Súmula 42 do STJ –  Compete à Justiça Comum Estadual processar e julgar as causas cíveis em que é parte sociedade de economia mista e os crimes praticados em seu detrimento.

Súmula nº 556 do STF – É competente a justiça comum para julgar as causas em que é parte sociedade de economia mista.

Apesar do entendimento pacificado exposto acima, em nossas aulas, desde 2012, chamávamos a atenção ao julgamento da 1ª Turma do STF do AgR. RE 614.115, que se encontrava suspenso em razão de um pedido de vista da Ministra Carmen Lúcia. Nesse julgado, o que se discutia era a competência da Justiça Federal ou Estadual para a apreciação de crime perpetrado contra o interesse da Sociedade de Economia Mista Companhia Docas do Pará.

Naquela ocasião, em decisão monocrática, o Ministro Dias Toffoli havia assinalado a competência da Justiça Federal e, o julgamento do agravo regimental interposto contra tal decisão, encontrava-se como 2 votos a favor (Toffoli e Rosa Weber) e 2 votos contrários (Luiz Fux e Marco Aurélio), até o mencionado pedido de vista!

Após mais de 2 anos de julgamento suspenso, finalmente a Ministra Carmem Lúcia liberou seu voto e acompanhou o Relator para asseverar a competência da Justiça Federal, não obstante se tratar de crime praticado contra interesse de Sociedade de Economia Mista. Assim foi publicado no recente Informativo 759 do STF:

Competência: sociedade de economia mista e ação penal – 3

Compete à justiça federal processar e julgar ação penal referente a crime cometido contra sociedade de economia mista, quando demonstrado o interesse jurídico da União. Esse o entendimento da 1ª Turma, que, em conclusão de julgamento e por maioria, desproveu agravo regimental para acolher recurso extraordinário no qual se discutia a justiça competente para apreciar causa em que figurava como parte a sociedade de economia mista Companhia Docas do Pará — v. Informativo 661. A Turma consignou que a mencionada companhia, cuja maior parcela de seu capital seria composta por verba pública federal, teria por ofício administrar e explorar as instalações portuárias do Estado do Pará, atividades exclusivamente atribuídas à União, conforme o disposto no art. 21, XII, f, da CF. Asseverou que, em princípio, os crimes praticados contra sociedade de economia mista, em geral, não se submeteriam à competência da justiça federal. (…) RE 614115 AgR/PA, rel. Min. Dias Toffoli, 16.9.2014. (RE-614115).

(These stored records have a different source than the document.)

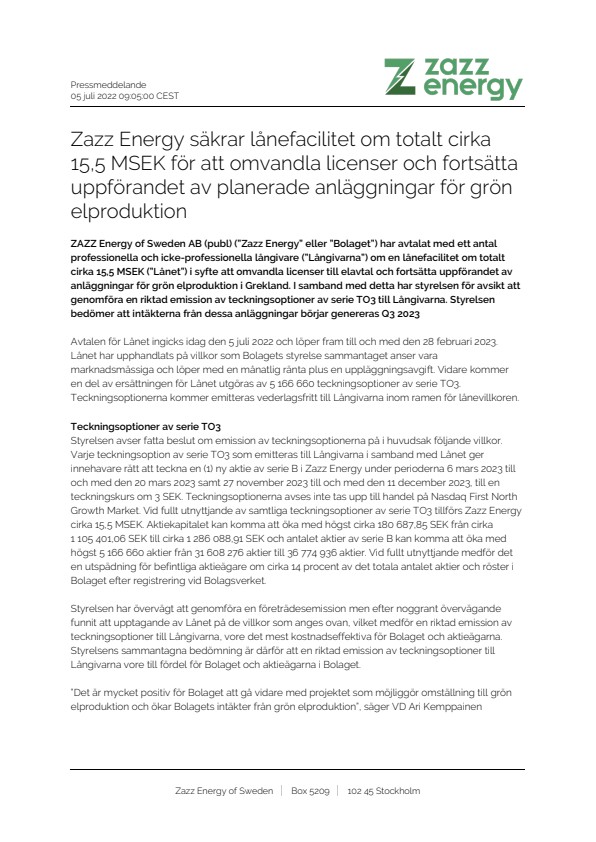ZAZZ Energy of Sweden AB (publ) (”Zazz Energy” eller ”Bolaget”) har avtalat med ett antal professionella och icke-professionella långivare (”Långivarna”) om en lånefacilitet om totalt cirka 15,5 MSEK (”Lånet”) i syfte att omvandla licenser till elavtal och fortsätta uppförandet av anläggningar för grön elproduktion i Grekland. I samband med detta har styrelsen för avsikt att genomföra en riktad emission av teckningsoptioner av serie TO3 till Långivarna. Styrelsen bedömer att intäkterna från dessa anläggningar börjar genereras Q3 2023
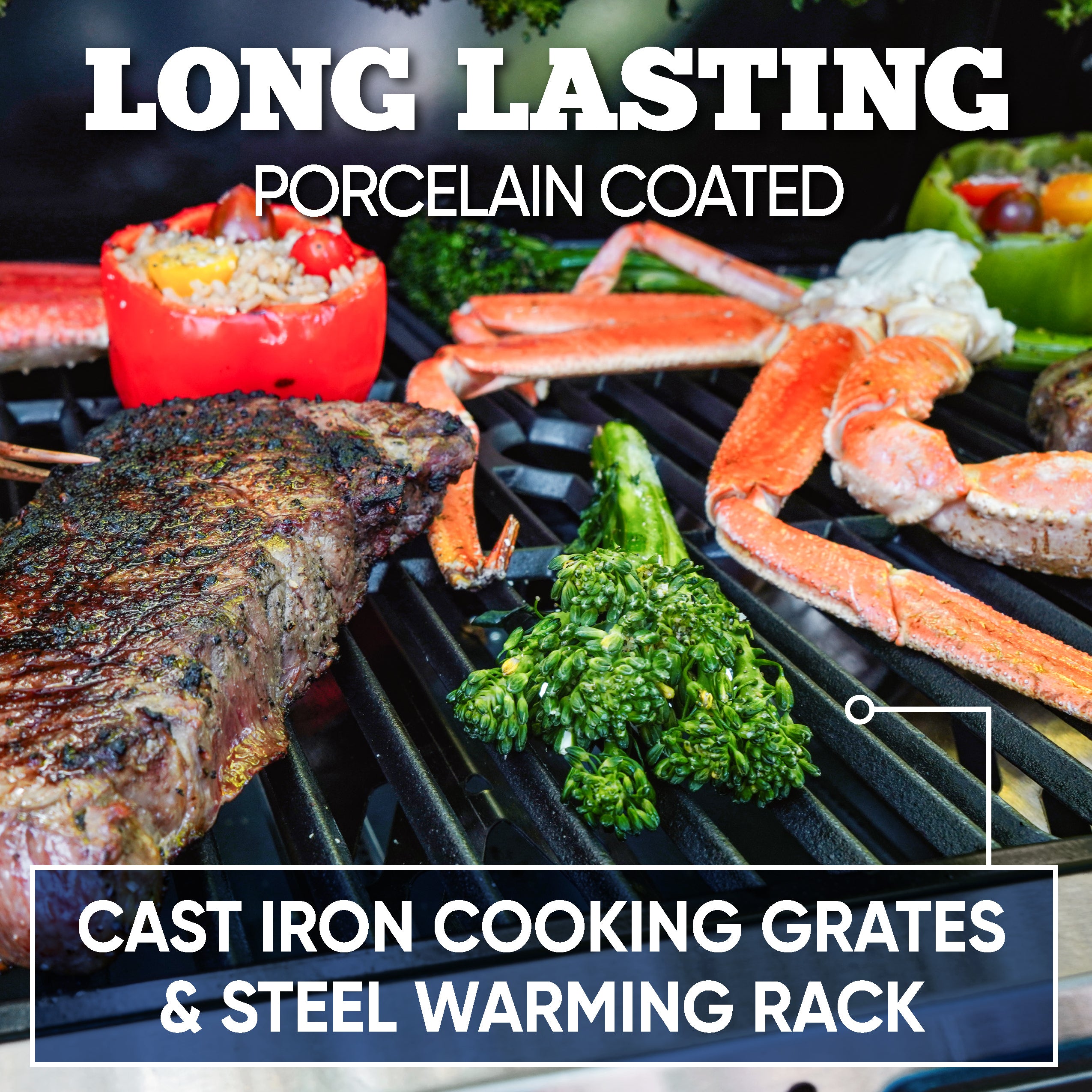 - Long-lasting porcelain-coated cast iron cooking grates for superior heat retention and easy cleaning
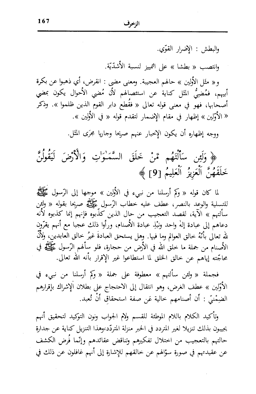 وَلَئِنْ سَأَلْتَهُمْ مَنْ خَلَقَ السَّماواتِ وَالْأَرْضَ لَيَقُولُنَّ خَلَقَهُنَّ الْعَزِيزُ الْعَلِيمُ (9)
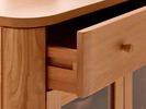 Wohnschrank mit Türen aus Holz oder GlasDieser Wohnschrank gehört zu einer Kollektion von Möbeln, die jeweils für sich stehen können, dennoch signifikante Gemeinsamkeiten haben: den weichen Schwung der Ecken und Kanten sowie jene eleganten, organischen Formen, die an das italienische „Bel Design“ der 1950er-Jahre erinnern.Auf den 2 verstellbaren Fachbrettern, in der 69 cm breiten Lade und auf der 80 x 42 cm großen Deckplatte bietet der Schrank viel Stauraum bzw. reichlich Platz zum Abstellen und Dekorieren.Optische Leichtigkeit & solider KorpusDer Korpus ist in traditioneller Rahmen-und-Füllung-Bauweise gefertigt: Rahmen aus Massivholz werden mit Füllungen aus verwindungsfreiem Schichtholz kombiniert. Diese Konstruktion ist relativ leicht und stabil zugleich.Die Rahmenfüllung der Türen ist wählbar: Schichtholz (6 mm) oder Glas (4 mm, gehärtet, Kanten gesäumt).Die mit feinsinnigen Griffen ausgestatteten Türen sind auf Holzachsen schwenkbar.Die schlanken, nach innen versetzten, zylindrischen Schrankfüße heben Tonda vom Boden ab, machen ihn optisch leicht. Die Füße haben ein aus reißfestem Ahornholz (!) gedrechseltes Gewinde, werden an der Schrankunterseite in ein ebenfalls hölzernes Gegengewinde gedreht, und sind höhenverstellbar – zum Ausgleich kleiner Bodenunebenheiten. So etwas nennt man "Liebe zum Detail".Die mit feinsinnigen Griffen versehene Schublade läuft nicht auf Metallauszügen, sondern auf Holzleisten, und wird von Holzdübeln vor zu weitem Ausziehen bzw. Herausfallen bewahrt.Für den Schrank verarbeiten wir hochqualitatives Holz aus mitteleuropäischen, nachhaltig bewirtschafteten Wäldern. Metallfreie, wieder lösbare Holzverbindungen: "Spannschlosszapfen". Die Holzoberfläche ist von Hand mit natürlichem, lösemittelfreiem Pflegeöl eingelassen. -

Naturalmente, não se pode dizer que o entendimento atual passou a ser de que a Justiça Federal terá competência para julgar crimes perpetrados por Sociedade de Economia Mista federal! NÃO! Até porque a decisão foi bastante casuística e peculiar, haja vista se tratar a Companhia Docas do Pará de uma SEM cuja maior parte do capital é composta de verba pública federal e ter por atribuição administrar e explorar instalações portuárias (exclusividade da União de acordo com o artigo 21, XII, f , da CF), fato esse que, de acordo com o STF, envolveria “diferenciado e peculiar interesse da União”, apto a justificar a competência da Justiça Federal.

As Súmulas 42 do STJ e 556 do STF permanecem plenamente em vigor, mas já não mais podemos dizer que é absoluta a afirmação de que os crimes praticados em face de sociedade de economia mista desafiarão a competência do juízo estadual! Muita atenção, pois isso SERÁ questão de prova em 2015!

Vamos em frente!

Grande abraço,

Pedro Coelho – Defensor Público Federal.